Lithium-air batteries are considered highly promising technologies for electric cars and portable electronic devices because of their potential for delivering a high energy output in proportion to their weight. But such batteries have some pretty serious drawbacks: They waste much of the injected energy as heat and degrade relatively quickly. They also require expensive extra components to pump oxygen gas in and out, in an open-cell configuration that is very different from conventional sealed batteries.
But a new variation of the battery chemistry, which could be used in a conventional, fully sealed battery, promises similar theoretical performance as lithium-air batteries, while overcoming all of these drawbacks.
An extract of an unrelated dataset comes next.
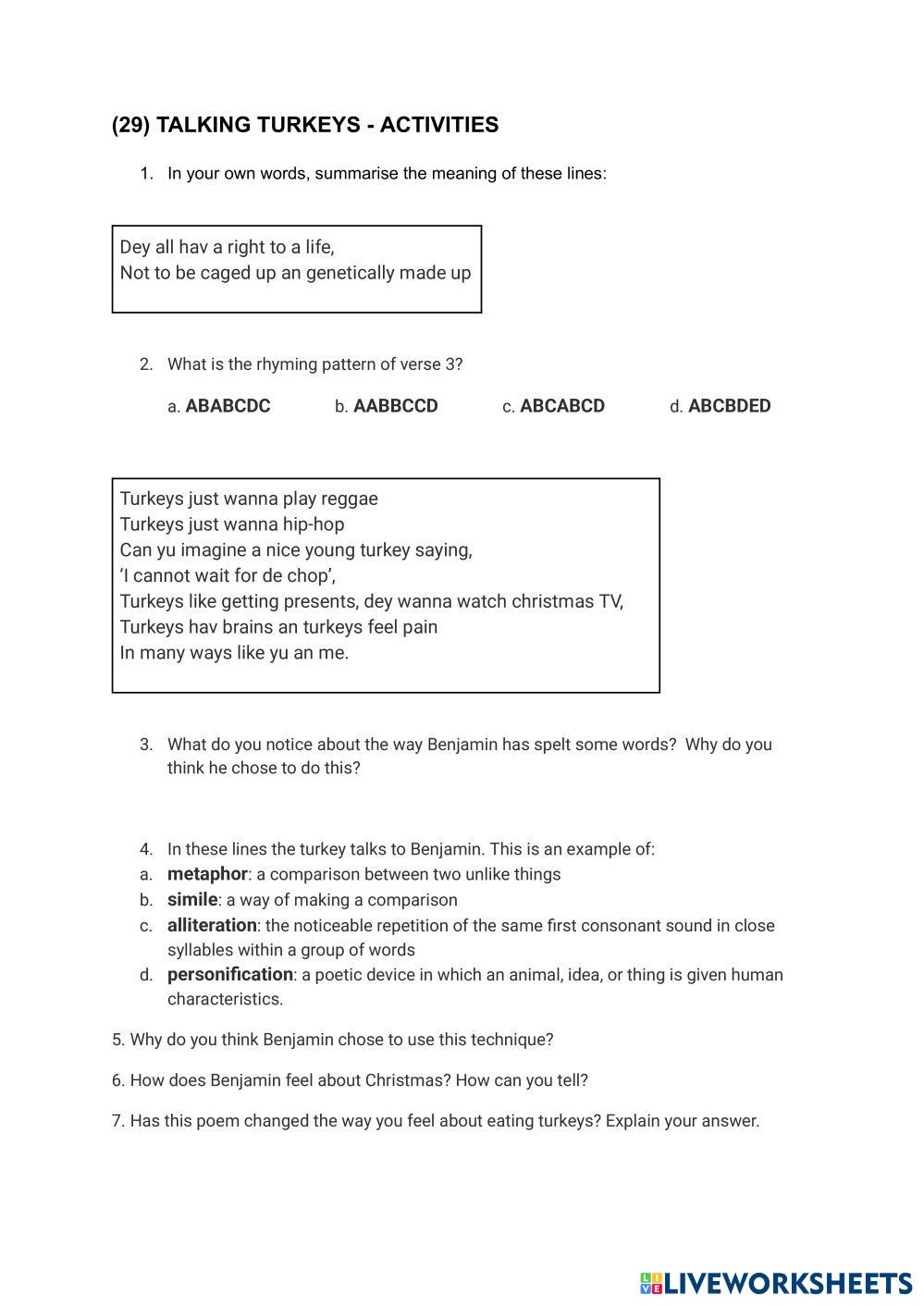 POEM: TALKING TURKEYS BY BENJAMIN ZEPHANIAH

The new battery concept, called a nanolithia cathode battery, is described in the journal Nature Energy in a paper by Ju Li, the Battelle Energy Alliance Professor of Nuclear Science and Engineering at MIT; postdoc Zhi Zhu; and five others at MIT, Argonne National Laboratory, and Peking University in China.
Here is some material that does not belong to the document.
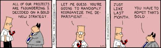 Jack Nickerson and Todd Zenger wrote a great paper in 2002 on the efficiency of being fickle – of repeated reorganisations of the workplace. Their point was simple: times change and they change a lot faster than we think so organisations have to adapt to their rapidly unfolding new market conditions.
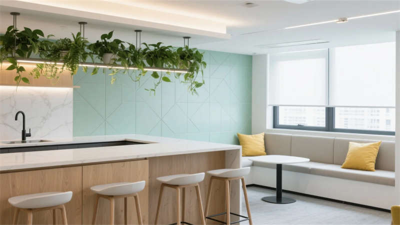 設(shè)計(jì)強(qiáng)調(diào)人文關(guān)懷,休閑區(qū)暖調(diào)燈光與柔軟卡座形成情緒緩沖帶,茶水間吧臺(tái)成為非正式社交樞紐。材質(zhì)選擇凸顯可持續(xù)理念,微水泥、再生木材與綠植系統(tǒng)貫穿始終,呼應(yīng)簡(jiǎn)約背后的生態(tài)意識(shí)。整體空間在合肥這座創(chuàng)新之城,詮釋了高效辦公與人文溫度共生的當(dāng)代范式。

One of the shortcomings of lithium-air batteries, Li explains, is the mismatch between the voltages involved in charging and discharging the batteries. The batteries’ output voltage is more than 1.2 volts lower than the voltage used to charge them, which represents a significant power loss incurred in each charging cycle. “You waste 30 percent of the electrical energy as heat in charging. … It can actually burn if you charge it too fast,” he says.